All contact lens materials (Gas permeable, soft, soft disposable, hard) are acceptable provided they are well tolerated. Optimum correction must be achieved. The correction of astigmatism should always be considered for soft contact lens wearers (toric lenses).

All contact lenses must be for distance only correction. The following types of correction are not acceptable:

  1. Monovision – this is where the dominant eye is fully corrected for distance and the non-dominant eye is corrected for near. The distance visual acuity in the ‘reading eye’ will often fall below the appropriate acuity standard. It can interfere with depth perception and does not give optimum distance vision.
  2. Bifocal/Varifocal – unlike spectacle lenses where the user can use eye movements to view through a different portion of the lens and consequently a different focal length, a contact lens will move with eye movement. This means that a different optical system must be applied to enable the viewing of more than one focal length. There are several designs of multifocal contact lenses, however they will tend to have a poorer optical quality and cause potential loss of visual acuity and contrast sensitivity. Some designs are also problematic in bright light conditions. Multifocal contact lenses are not acceptable.

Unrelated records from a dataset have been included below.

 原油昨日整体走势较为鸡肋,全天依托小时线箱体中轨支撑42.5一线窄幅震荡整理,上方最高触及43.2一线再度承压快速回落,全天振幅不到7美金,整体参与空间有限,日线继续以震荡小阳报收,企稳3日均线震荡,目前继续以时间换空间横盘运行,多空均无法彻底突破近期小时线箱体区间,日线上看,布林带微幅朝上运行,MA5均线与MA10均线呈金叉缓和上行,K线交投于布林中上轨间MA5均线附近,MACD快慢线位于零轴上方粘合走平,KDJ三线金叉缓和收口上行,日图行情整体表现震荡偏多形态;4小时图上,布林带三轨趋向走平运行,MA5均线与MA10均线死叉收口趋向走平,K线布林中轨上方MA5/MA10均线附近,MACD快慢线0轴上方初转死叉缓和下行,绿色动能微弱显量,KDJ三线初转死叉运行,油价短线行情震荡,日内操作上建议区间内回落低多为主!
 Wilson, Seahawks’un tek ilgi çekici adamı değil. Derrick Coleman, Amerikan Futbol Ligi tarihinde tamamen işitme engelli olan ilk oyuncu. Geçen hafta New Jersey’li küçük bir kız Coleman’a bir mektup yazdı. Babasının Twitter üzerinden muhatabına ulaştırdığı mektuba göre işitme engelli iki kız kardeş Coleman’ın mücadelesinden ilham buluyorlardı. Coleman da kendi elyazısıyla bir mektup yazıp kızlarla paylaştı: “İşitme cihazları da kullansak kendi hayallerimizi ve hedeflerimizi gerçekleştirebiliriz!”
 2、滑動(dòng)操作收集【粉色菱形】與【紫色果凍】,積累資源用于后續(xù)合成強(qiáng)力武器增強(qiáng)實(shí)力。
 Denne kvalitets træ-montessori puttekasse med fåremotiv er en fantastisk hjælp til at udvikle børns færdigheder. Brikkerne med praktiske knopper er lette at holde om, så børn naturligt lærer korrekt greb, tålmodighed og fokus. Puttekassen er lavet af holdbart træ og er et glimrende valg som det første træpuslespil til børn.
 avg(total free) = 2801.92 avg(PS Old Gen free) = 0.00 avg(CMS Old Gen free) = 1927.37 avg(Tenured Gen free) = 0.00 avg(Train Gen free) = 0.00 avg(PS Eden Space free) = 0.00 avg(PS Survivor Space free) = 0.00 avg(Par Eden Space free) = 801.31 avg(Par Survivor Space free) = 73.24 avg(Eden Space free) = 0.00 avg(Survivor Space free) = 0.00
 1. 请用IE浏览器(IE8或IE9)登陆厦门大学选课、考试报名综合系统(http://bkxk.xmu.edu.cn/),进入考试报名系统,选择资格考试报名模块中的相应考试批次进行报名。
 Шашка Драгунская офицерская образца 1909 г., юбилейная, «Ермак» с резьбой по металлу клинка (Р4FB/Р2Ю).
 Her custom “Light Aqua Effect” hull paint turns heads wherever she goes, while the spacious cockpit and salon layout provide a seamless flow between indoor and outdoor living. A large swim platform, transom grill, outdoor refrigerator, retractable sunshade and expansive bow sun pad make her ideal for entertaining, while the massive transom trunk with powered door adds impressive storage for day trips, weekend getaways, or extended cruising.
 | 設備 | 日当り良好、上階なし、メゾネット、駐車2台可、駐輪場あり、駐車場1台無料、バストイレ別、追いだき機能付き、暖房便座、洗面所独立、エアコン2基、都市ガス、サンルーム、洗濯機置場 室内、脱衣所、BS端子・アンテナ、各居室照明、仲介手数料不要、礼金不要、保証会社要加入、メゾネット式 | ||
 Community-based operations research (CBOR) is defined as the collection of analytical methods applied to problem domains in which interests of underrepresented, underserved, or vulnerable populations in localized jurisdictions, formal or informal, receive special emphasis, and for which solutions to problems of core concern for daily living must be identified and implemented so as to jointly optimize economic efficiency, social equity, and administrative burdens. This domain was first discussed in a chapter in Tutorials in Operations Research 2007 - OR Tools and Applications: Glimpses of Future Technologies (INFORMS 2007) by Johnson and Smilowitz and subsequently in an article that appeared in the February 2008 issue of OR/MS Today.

  3. Cosmetic coloured lenses – these have either a tint or an iris pattern to change the apparent colour of the user’s eyes. More recent designs include themed images such as slit pupil ‘cat’s eyes’. Coloured lenses are not compatible for ATCOs use due to potential visual disturbances in lower light levels where the pupil widens beyond the central clear zone of the lens. Some lenses also have a high risk of inducing corneal hypoxia due to poor oxygen transmissibility.
  4. Orthokeratology (or Ortho K) lenses – these are ‘reverse geometry’ lenses designed to remould the front corneal surface. They are often worn at night and removed during the day. Any change to the corneal shape (and hence improvement to unaided vision) tends to be lost during the day and wearers of these lenses are unable to have optimum vision throughout the day. For this reason, this type of lens is not acceptable.
  5. X-chrom or Chromagen lenses – these are coloured lenses which are occasionally worn by people with colour vision deficiencies to aid them in a particular area where they may confuse certain colours. The lenses do not correct a colour vision deficiency but merely move the colour confusion to a different area of the colour spectrum. Due to the significant interference and loss of colour discrimination induced, these are not acceptable.